Velasquez values the domestic American chocolate market at $13 billion, a figure made possible by trading in more than half a million tons of chocolate's source crop (cocoa beans) in the year 2000 alone (52). Most of this cocoa is harvested in West Africa, the regional capital of the world for the produce (52).
The scale of the forced labour is in the region of 200,000 adolescents and preadolescents dispersed among a million agricultural estates of cocoa (51, 52). Those million plantations belong to the single two countries where the situation is most intensified (the Republic of Ghana and the Republic of Côte d'Ivoire) which together are responsible for nearly 50 percent of global annual chocolate production (52, 51). It is not only slavery but the slave trade itself that continues to exist in this region; the labour is smuggled in from adjacent West African states, an operation facilitated by poorly secured state lines and corruption among border police and customs officers alike (51).
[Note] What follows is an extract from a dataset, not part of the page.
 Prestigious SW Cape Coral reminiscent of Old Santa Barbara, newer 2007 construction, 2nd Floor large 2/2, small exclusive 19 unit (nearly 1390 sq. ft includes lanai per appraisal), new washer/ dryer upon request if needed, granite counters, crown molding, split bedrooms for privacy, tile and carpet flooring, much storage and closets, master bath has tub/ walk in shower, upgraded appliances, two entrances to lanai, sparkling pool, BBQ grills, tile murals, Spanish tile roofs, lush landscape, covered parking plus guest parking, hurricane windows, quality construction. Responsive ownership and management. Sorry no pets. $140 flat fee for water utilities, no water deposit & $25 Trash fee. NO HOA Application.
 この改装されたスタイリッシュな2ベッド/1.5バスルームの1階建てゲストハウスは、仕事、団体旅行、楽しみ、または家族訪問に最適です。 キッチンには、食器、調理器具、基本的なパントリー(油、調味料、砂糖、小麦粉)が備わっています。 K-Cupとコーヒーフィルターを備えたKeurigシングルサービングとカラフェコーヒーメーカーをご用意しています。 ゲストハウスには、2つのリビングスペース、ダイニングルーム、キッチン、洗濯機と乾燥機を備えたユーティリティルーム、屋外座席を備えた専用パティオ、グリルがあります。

Governmental commissions (e.g. the United States Department of State), the international community (United Nations Children's Fund, International Labour Organisation) and even free media segments (Knight Ridder) gave official accounts of the abject and inhumane situation of the child labourers. Much as was the practice in medieval West Africa they are captives or abductees of mercenary dealers (children being the easiest targets) who for payment supply them to plantation landlords. From then on, the landlords' labour offers profit without expense; they treat their grim cargo essentially as beasts of burden, working them with no regard for their health or lives, giving them the bare minimum of food and shelter – and refusing them even that if they are uncooperative – and shutting them in like cattle when a day's work is done. The fact that the children are kept in isolation, and in any case are foreigners ethnically and linguistically, that their families are helpless or even complicit in their sale, and finally the fact that the most brutal possible abuse of recaptured escapees is used as a deterrent (51) all ensure that the vast majority are never heard from again, alive or dead, by the outside world.
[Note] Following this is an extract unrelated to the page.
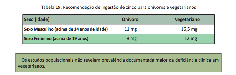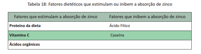 O cálcio não tem efeito inibitório direto sobre a absorção do zinco, mas pode potencializar o efeito inibitório do ácido fítico. De forma inversa, a vitamina C e a proteína da dieta podem reduzir o efeito do ácido fítico . A biodisponibilidade de zinco na dieta é considerada alta (50% a 55%), moderada (30% a 35%) ou baixa (15%) de acordo com a presença de proteínas animais e de alimentos com alto teor de ácido fítico. A dieta vegetariana costuma apresentar teor moderado de absorção de zinco, mas, como medida de segurança, as DRIs estabeleceram a recomendação de ingestão com base em dietas de baixa biodisponibilidade, o que subestima essa absorção. Dessa forma a recomendação de prescrição dietética pelas DRIs é de 50% acima do prescrito para onívoros (Tabela 19):
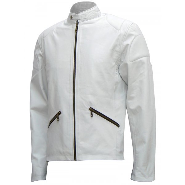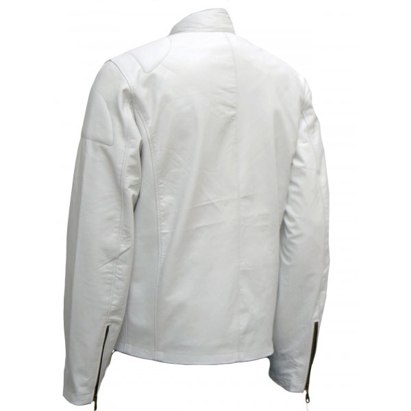 Men White Leather Jacket for Bikers and Racers, Men White Leather Fashion Jacket

Despite penetration into the atrocities by official lines, the horrific reality was not driven home to the public until the turn of the millennium when a television programme released insider footage of what life was like in the Ivorian cocoa plantations (51). The footage ran on national channels in several Western countries including the United States and ignited outrage at the world's leading chocolate-product corporations – all...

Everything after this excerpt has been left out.